Crocodile Deaths May Lead to Healthier River

Crocodile-die-offs,Olifants and Letaba Rivers


Last year saw one of the biggest unexplained wildlife disasters to ever hit the Kruger National Park (KNP). Mass crocodile die-offs in the Olifants and Letaba rivers left staff, scientists and other experts searching for answers.

Rangers and scientists in the Kruger National Park (KNP) have detected a cluster of crocodile mortalities mainly in the eastern parts of the Olifants and Letaba Rivers. More than 160 crocodile carcasses were found, but it is believed many more crocodile died and the carcasses simply washed away or were eaten. Post mortems on several recently dead crocodiles reveal that the deaths were caused by a condition called pansteatitis. This condition is caused by the depletion of antioxidants in the bodies of these animals.

This depletion results in the hardening of the crocodile's fat reserves into a rubber-like mass, which is unavailable for normal metabolism. It is also extremely painful and the animal loses mobility.
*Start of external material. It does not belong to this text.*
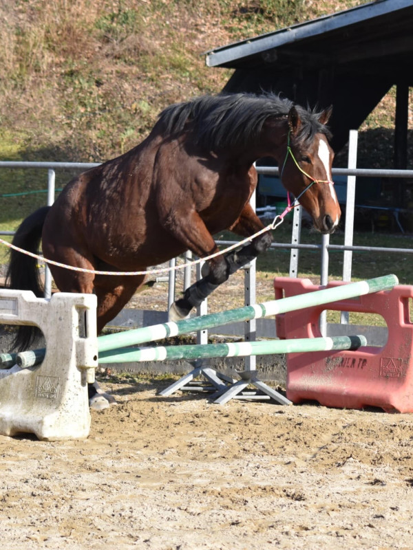 Jument proposée uniquement pour une bonne maison, avec un cadre cohérent et respectueux de son âge et de son évolution.

The crocodiles then either die of starvation or drown.

A similar incident in Loskop Dam, in the Olifants River near Bronkhorstspruit, during 2007 was linked to a mass die-off of fish caused by sewage pollution that was followed by a blue-green algae bloom. The crocodiles feasted on the masses of dead fish, including the rotten fish with rancid fat.

The cause of the Kruger die-offs remains a mystery. Pansteatitis is usually linked to mass fish die-offs, where the crocodiles are then exposed to rancid fish oils, which their bodies cannot break down. These rancid fish oils cause the oxidation seen in the crocodile's own fat. However, no mass die-off of fish have been observed in the Olifants River or the gorge itself and despite extensive investigations by SANParks, the department of water affairs, and numerous other independent research institutions no obvious causes or triggers to the outbreak could be found.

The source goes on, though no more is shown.